Per their contract with ICANN, all gTLDs registries are mandated to give free access to their zonefiles. A zonefile will contain all published domain names under the given TLD. This is a subset of all registered names (difficult to say by how much, but in the range of single digit percentage, if even so), because you can register a domain names without nameservers (hence it is not published) or the domain can be put "on hold" for various reasons and hence disappear from the zonefile. So you will get the same amount of false negative as when using live DNS queries: you will get no data (NXDOMAIN in fact) for some domains, but in fact they are registered (and hence not available for registration again).

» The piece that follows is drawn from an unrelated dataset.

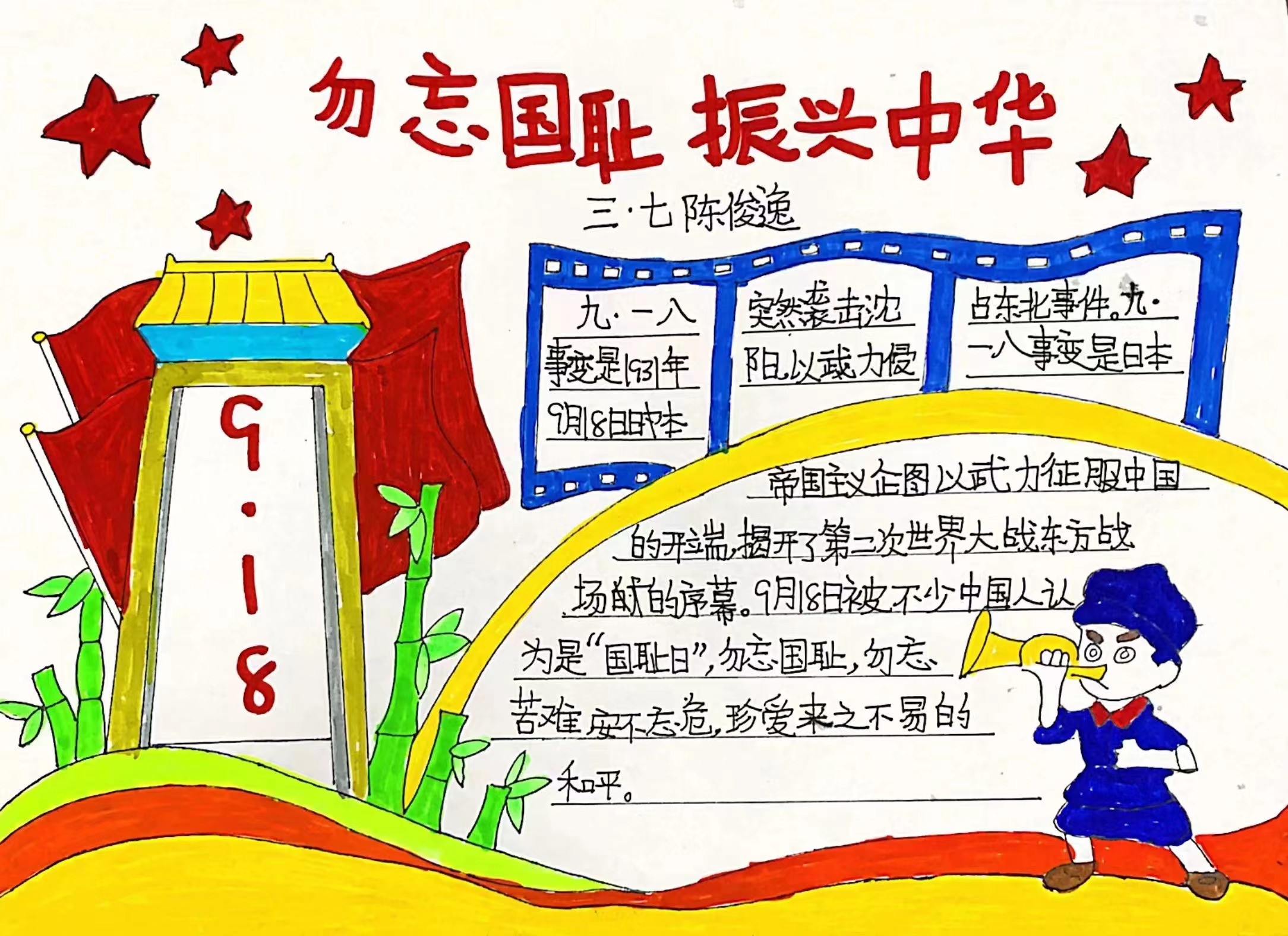 九一八事变,又称奉天事变、柳条湖事件。是1931年9月18日夜日本在中国东北蓄意制造并发动的一场侵华战争,是日本帝国主义全面侵华的开端。今年是纪念“九一八”事变91周年,莱芜区汶源学校积极开展“勿忘国耻,不负韶华”主题活动,激发当代少先队员昂扬的斗志,不负韶华,奋发有为!

So all starts there: https://www.icann.org/resources/pages/czds-2014-03-03-en
and the help section for users: https://czds.icann.org/help
You will need to create an account, sign a contract that outlines what you can and can not do with this data, and then you will be able to download daily zonefiles per TLD. Most, if not all gTLDs, put their zonefiles there. It may exist some doing differently, so you will need to search.
A zonefile will be in DNS "master zonefile" format. So you will see DNS records in them. You need to handle only the "NS" one, and you will see all domain names. You will need to make sure to normalize them (casing, final dot, etc.) as the content can vary from one file to another.
Once you have a daily list of domain names, you can apply any tool you want to search in them, including regular expressions. Be cautious however on the CPU and RAM constraints you can create, depending on how you store the data. The raw .com
zonefile is 13GB for example.
Comparing with live DNS queries, the biggest drawback is that it is not live (data may be as much as 24 hours old) and you need to download the files before being able to do anything you want, but the biggest benefit is that you have the list of "all" domains locally, hence you can apply much more powerful tools to search in them.
Zonefiles (non gTLDs)
Outside gTLDs, that is in ccTLDs, it is rare to have full zonefiles available, because many ccTLD operators believe it is proprietary or publicly identifiable data and that no one has valid business getting this, hence it is not available.
There are however counter examples:
PS: creative use of search engines (see the site:
modifier for example) can also help; of course they see only existing websites and a domain name can totally be registered but not having a website resolving on it.